Task. Lines before the one holding "POLS 102 SDSU" are not wanted. Please copy that line and everything after it to the end of the records, exactly, skipping pictures.

--- Data Enclosed Below ---

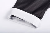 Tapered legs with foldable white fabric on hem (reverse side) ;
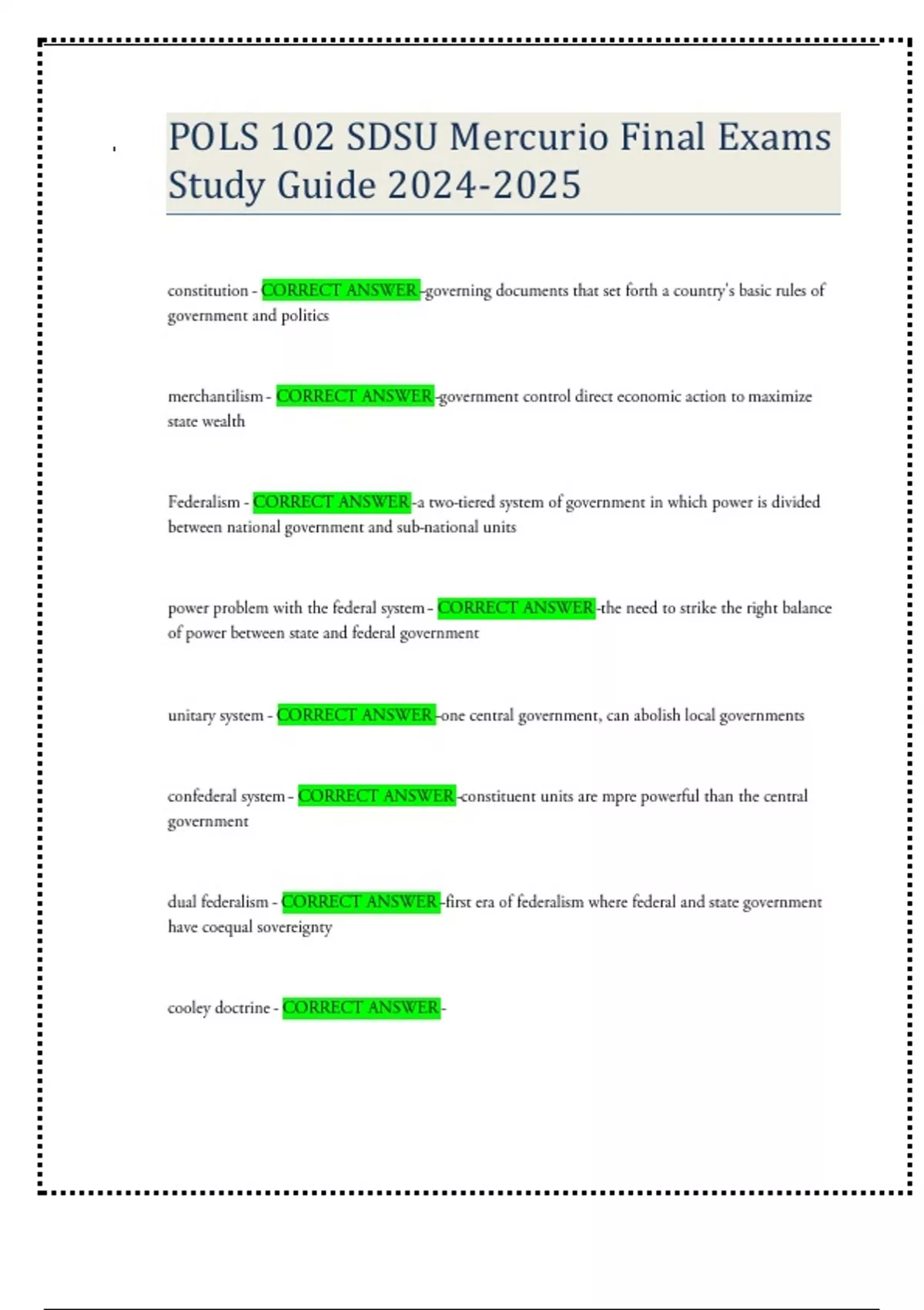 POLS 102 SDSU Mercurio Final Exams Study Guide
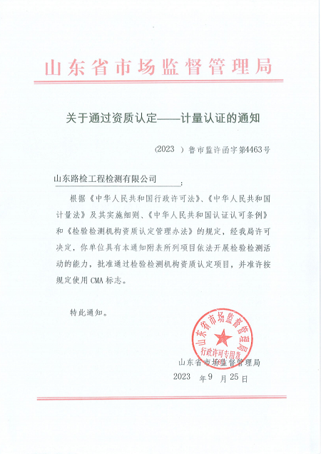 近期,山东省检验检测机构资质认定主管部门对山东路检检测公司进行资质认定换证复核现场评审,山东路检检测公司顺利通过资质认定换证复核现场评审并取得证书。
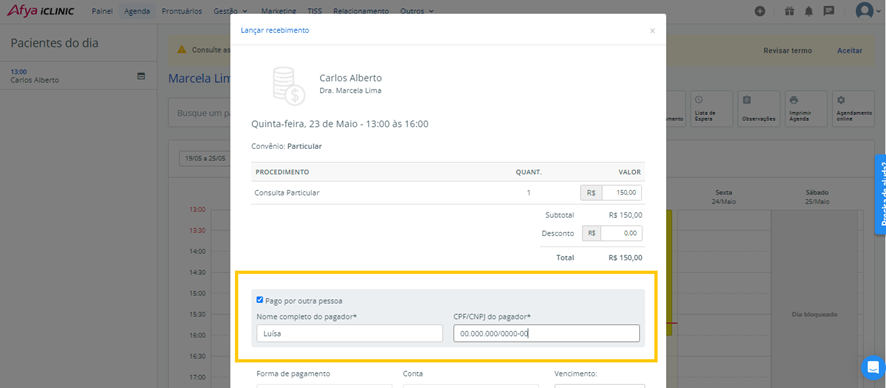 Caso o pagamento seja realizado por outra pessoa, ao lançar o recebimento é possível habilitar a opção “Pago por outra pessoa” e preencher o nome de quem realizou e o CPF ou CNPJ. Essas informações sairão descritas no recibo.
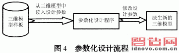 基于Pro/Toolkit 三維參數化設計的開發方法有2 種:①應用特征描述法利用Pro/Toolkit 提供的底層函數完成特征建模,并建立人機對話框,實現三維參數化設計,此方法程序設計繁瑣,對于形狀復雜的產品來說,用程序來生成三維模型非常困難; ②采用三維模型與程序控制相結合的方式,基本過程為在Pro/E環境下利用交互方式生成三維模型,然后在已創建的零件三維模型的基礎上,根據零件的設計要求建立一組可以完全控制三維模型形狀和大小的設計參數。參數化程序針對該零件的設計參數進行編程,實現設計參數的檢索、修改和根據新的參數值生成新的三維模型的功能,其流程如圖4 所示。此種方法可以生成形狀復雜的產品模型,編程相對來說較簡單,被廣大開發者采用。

--- End of Enclosed Data ---

Solution for this problem.
 POLS 102 SDSU Mercurio Final Exams Study Guide
 近期,山东省检验检测机构资质认定主管部门对山东路检检测公司进行资质认定换证复核现场评审,山东路检检测公司顺利通过资质认定换证复核现场评审并取得证书。
 Caso o pagamento seja realizado por outra pessoa, ao lançar o recebimento é possível habilitar a opção “Pago por outra pessoa” e preencher o nome de quem realizou e o CPF ou CNPJ. Essas informações sairão descritas no recibo.
 基于Pro/Toolkit 三維參數化設計的開發方法有2 種:①應用特征描述法利用Pro/Toolkit 提供的底層函數完成特征建模,并建立人機對話框,實現三維參數化設計,此方法程序設計繁瑣,對于形狀復雜的產品來說,用程序來生成三維模型非常困難; ②采用三維模型與程序控制相結合的方式,基本過程為在Pro/E環境下利用交互方式生成三維模型,然后在已創建的零件三維模型的基礎上,根據零件的設計要求建立一組可以完全控制三維模型形狀和大小的設計參數。參數化程序針對該零件的設計參數進行編程,實現設計參數的檢索、修改和根據新的參數值生成新的三維模型的功能,其流程如圖4 所示。此種方法可以生成形狀復雜的產品模型,編程相對來說較簡單,被廣大開發者采用。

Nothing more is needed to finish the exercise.